As previously discussed, Bayesian analyses are run through OpenBUGS, and so the output is as thoroughly tested as OpenBUGS.

Testing for diagnostic test accuracy analyses is not as extensive, because we have not found a suitable reference scripting environment to test Meta-Analyst output against. However, the simple diagnostic test methods are based on weighted proportions (sensitivity, specificity), relative risks (likelihood ratios), odds ratios and regression (SROC, meta-regression). These methods use the same computational algorithms as those for binary data and so have been tested. Two diagnostic methods remain to be sufficiently tested; bivariate meta-analysis of sensitivity and specificity for diagnostic tests and random effects SROC. These analyses are flagged as not thoroughly checked when they are requested from the user. However, these will soon be reconfigured to run in OpenBUGS so that they will be validated as well.

Discussion

In order to attain widespread use, meta-analysis software must be easy to use. In particular, requiring that users learn an entire language to run their analyses will prohibit general adaptation of a program. Dedicated meta-analysis programs such as MIX, Comprehensive Meta-analysis, and MetaDiSc are appealing due to their small learning curve. On the other hand, by their very nature, such programs are less flexible than general statistical packages. For example, they have no scripting functionality, which precludes their use for large-scale empirical research or simulation studies. Further, they are not able to perform advanced analyses, such as bivariate diagnostic test meta-analyses, because they cannot maximize difficult likelihood functions, and they cannot be readily extended to include additional analytic options.

Conclusion

Meta-Analyst mitigates several of the weaknesses inherent to dedicated meta-analysis packages. It incorporates their ease-of-use, while providing advanced analytic methods that can be implemented in packages such as Stata, R and SAS by a statistical programmer.

The current version of Meta-Analyst is made available free of charge to interested researchers. It runs on any version of Windows that is compatible with the .NET platform (comprising Windows 98, ME, NT 4.0, 2000, XP and Vista). We have already started development of a cross-platform completely open-source version of the software that uses the R statistical language, and will be readily modifiable and extendable by any interested party http://www.github.com/bwallace/OpenMeta-analyst-.

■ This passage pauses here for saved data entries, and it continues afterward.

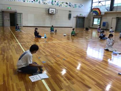 5・6年生が、体育館で音楽の学習をしました。リコーダーの練習では、低い音に苦戦していましたが、コツをつかんで低いドの音がきれいに出ると、とてもうれしそうでした。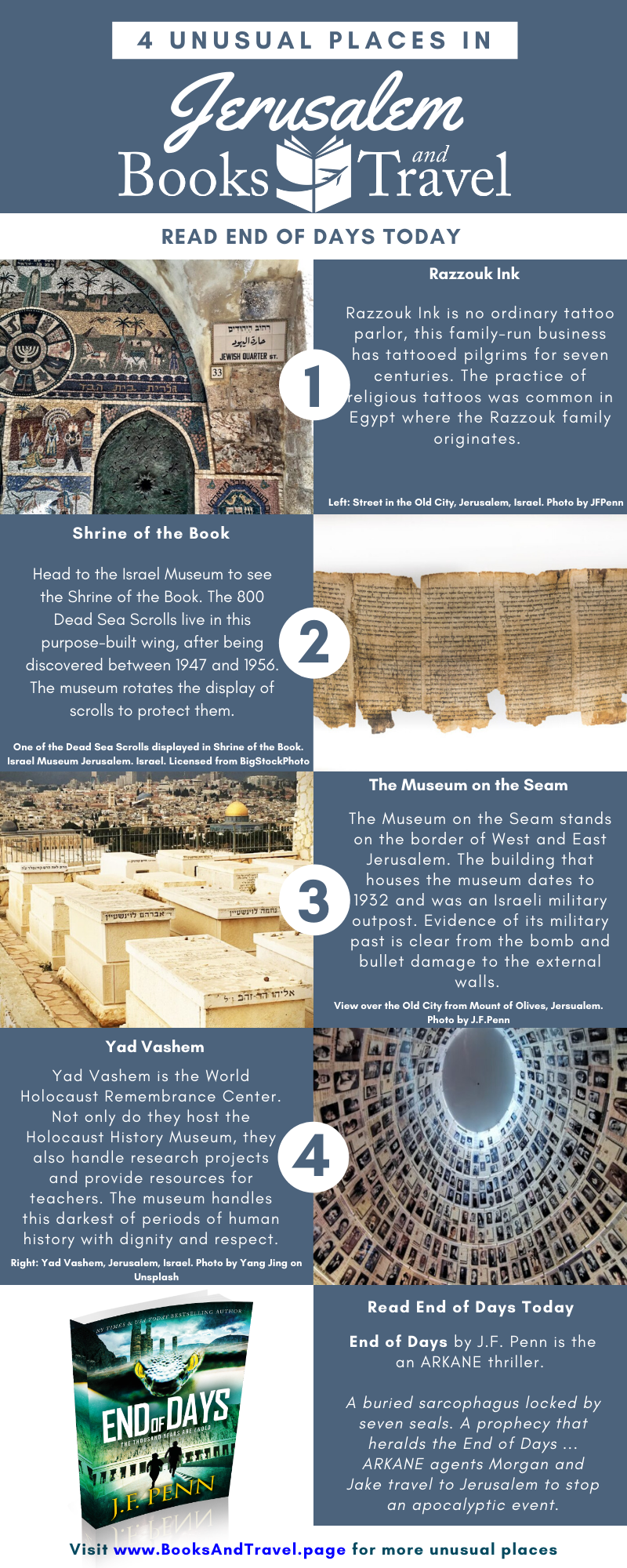Because of the city’s religious significance, I set both Stone of Fire and End of Days in Jerusalem and it continues to inspire my writing.
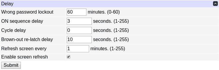 When a time value is entered in the "All ON sequence delay" field, the power controller will pause for a period of time before switching each outlet on in sequence. This delay helps prevent the power surges and blown circuit breakers which can occur when multiple devices are switched on simultaneously. A delay of 60 seconds is suggested for server applications. You may also enter a screen refresh delay in this section. If "Enable screen refresh" is checked, and a delay value is entered, your browser should periodically update the status screen.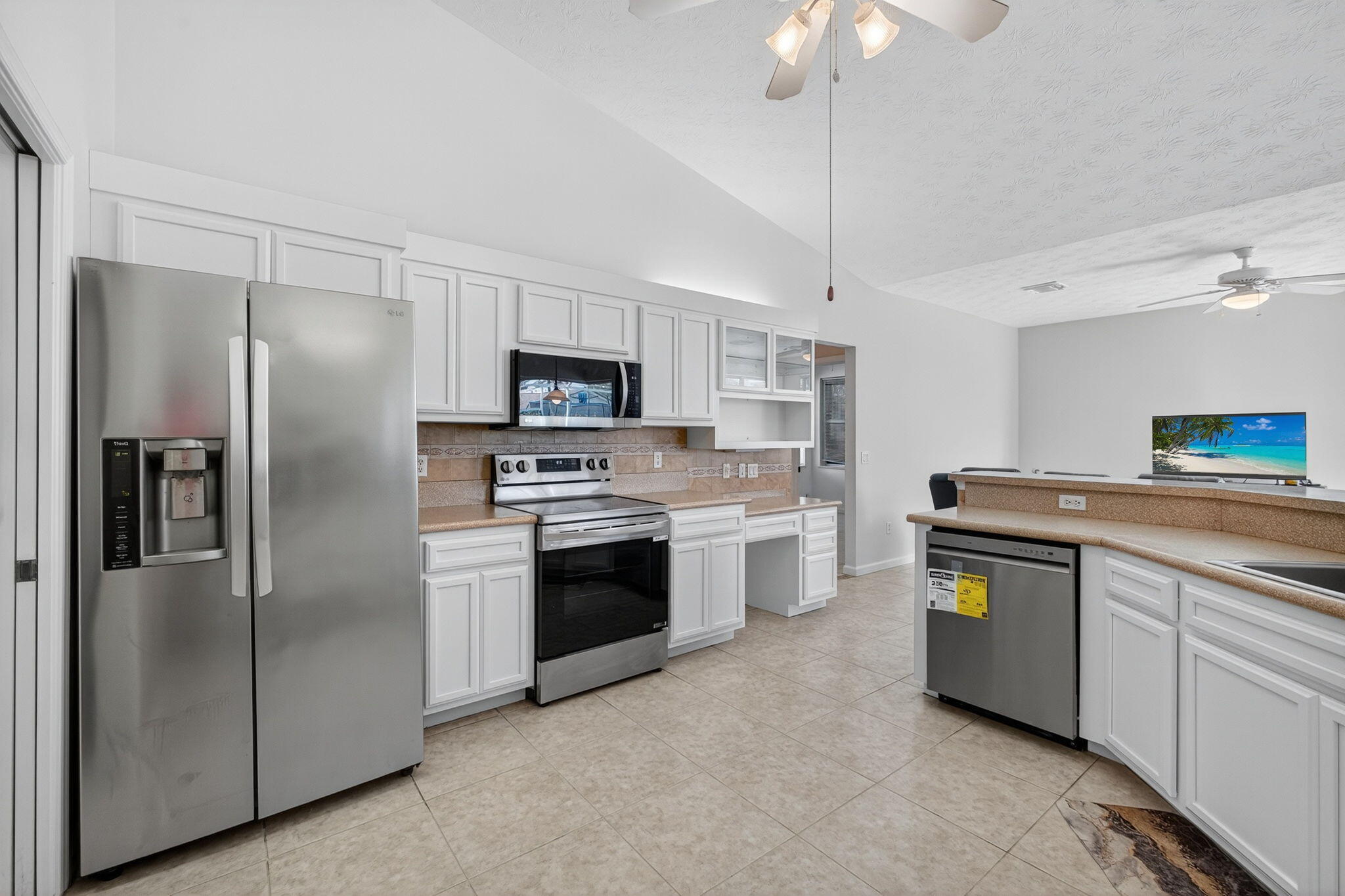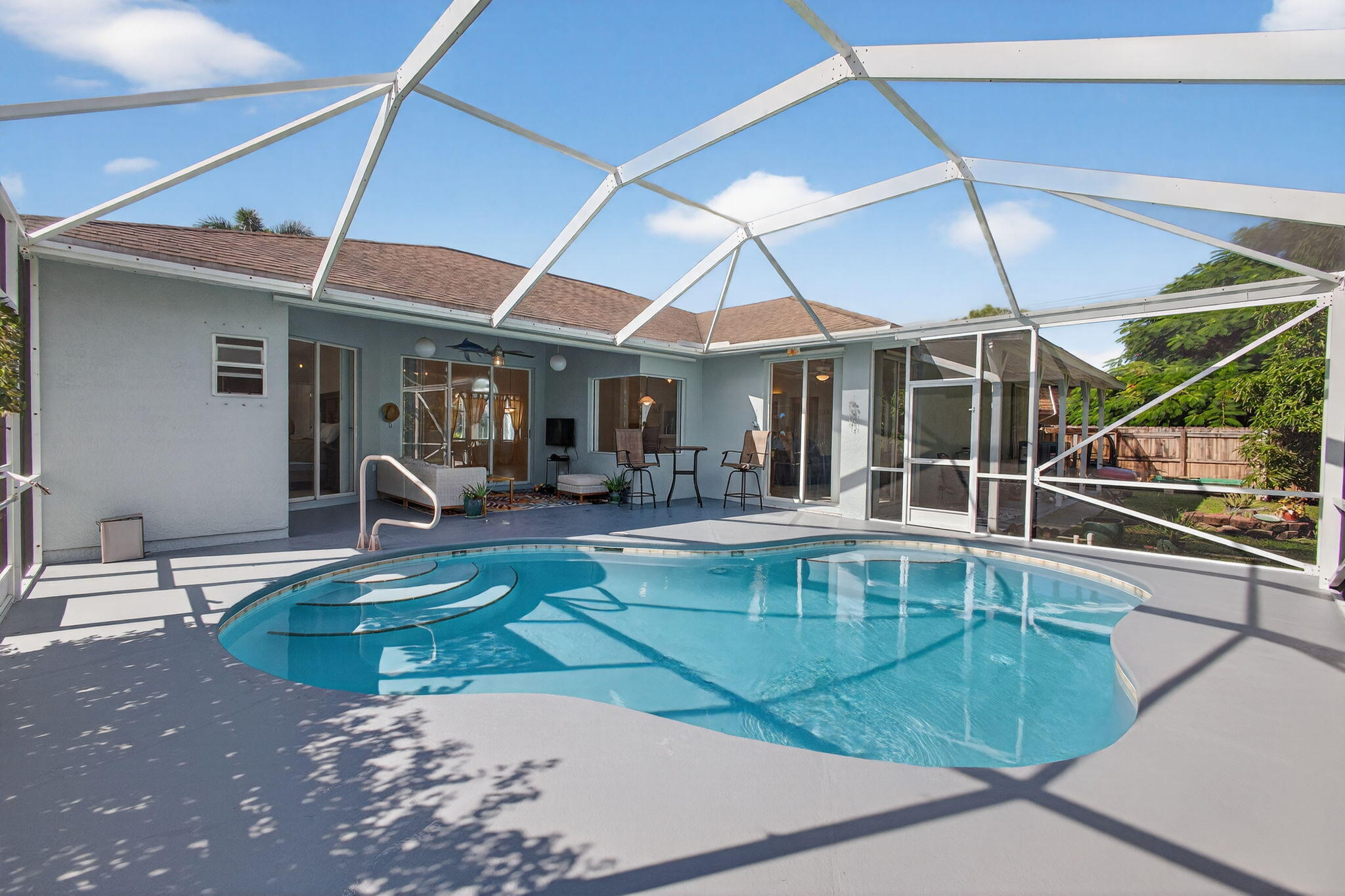 Spacious 3 bed, 3 bath, 2-car garage, pool home. Located in the highly desired neighborhood of Sandpiper Bay. Featuring a fully fenced fenced in backyard, freshly painted interior and exterior, tile flooring throughout, and an open, light-filled floor plan perfect for entertaining. The brand-new 2024 A/C ensures year-round comfort. With no HOA, you'll have the freedom to truly make this home your own. Conveniently located .3 miles from the Port Saint Lucie port district. Future home to 3 restaurants on the river next to Botanical Gardens.

Availability and requirements

An installer file for the latest version of Meta-Analyst has been provided as an additional/supplemental file for the peer-reviewers [Additional File 1]. Alternatively, the latest version can be obtained from http://tuftscaes.org/meta_analyst/ (last accessed 11/12/2009). Meta-Analyst is made readily available to any scientist wishing to use it for non-commercial purposes, without any restriction (including the need for a material transfer agreement).